### Assignment
Span requested from the data below: the line with "In a bowl take" through the line with "Voir plus03/09/2025 Conférence", both included. Give only these lines again, exactly, and leave every picture out.

### Input data
# # #

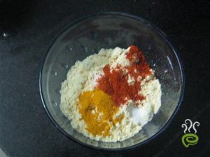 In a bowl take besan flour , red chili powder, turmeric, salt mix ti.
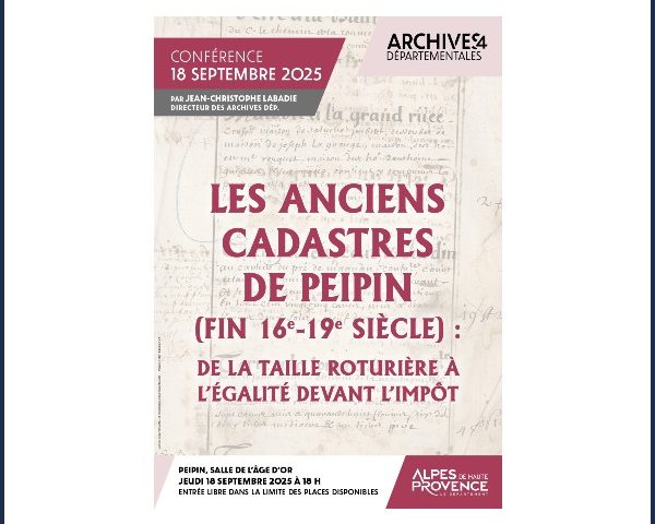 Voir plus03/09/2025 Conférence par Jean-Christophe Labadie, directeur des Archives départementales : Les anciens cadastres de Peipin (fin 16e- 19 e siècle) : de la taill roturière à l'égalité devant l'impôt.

# # #

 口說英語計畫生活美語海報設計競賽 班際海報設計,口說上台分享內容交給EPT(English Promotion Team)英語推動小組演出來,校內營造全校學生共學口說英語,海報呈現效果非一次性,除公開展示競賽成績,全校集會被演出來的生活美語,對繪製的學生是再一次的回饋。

# # #

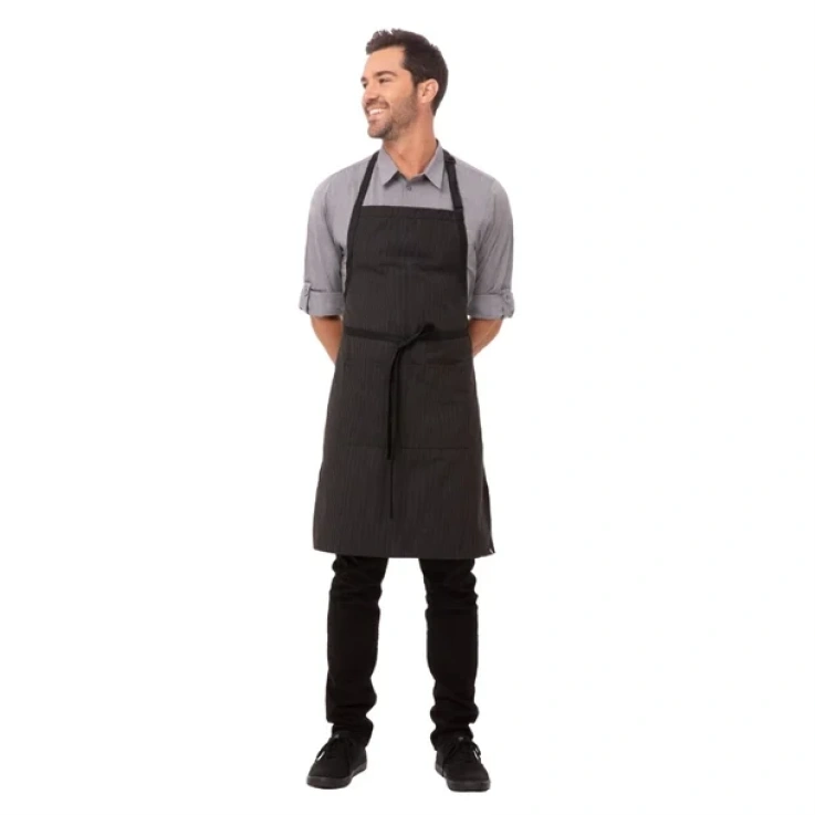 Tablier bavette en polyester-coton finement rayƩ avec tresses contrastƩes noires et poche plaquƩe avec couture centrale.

# # #

### Answer space
 In a bowl take besan flour , red chili powder, turmeric, salt mix ti.
 Voir plus03/09/2025 Conférence par Jean-Christophe Labadie, directeur des Archives départementales : Les anciens cadastres de Peipin (fin 16e- 19 e siècle) : de la taill roturière à l'égalité devant l'impôt.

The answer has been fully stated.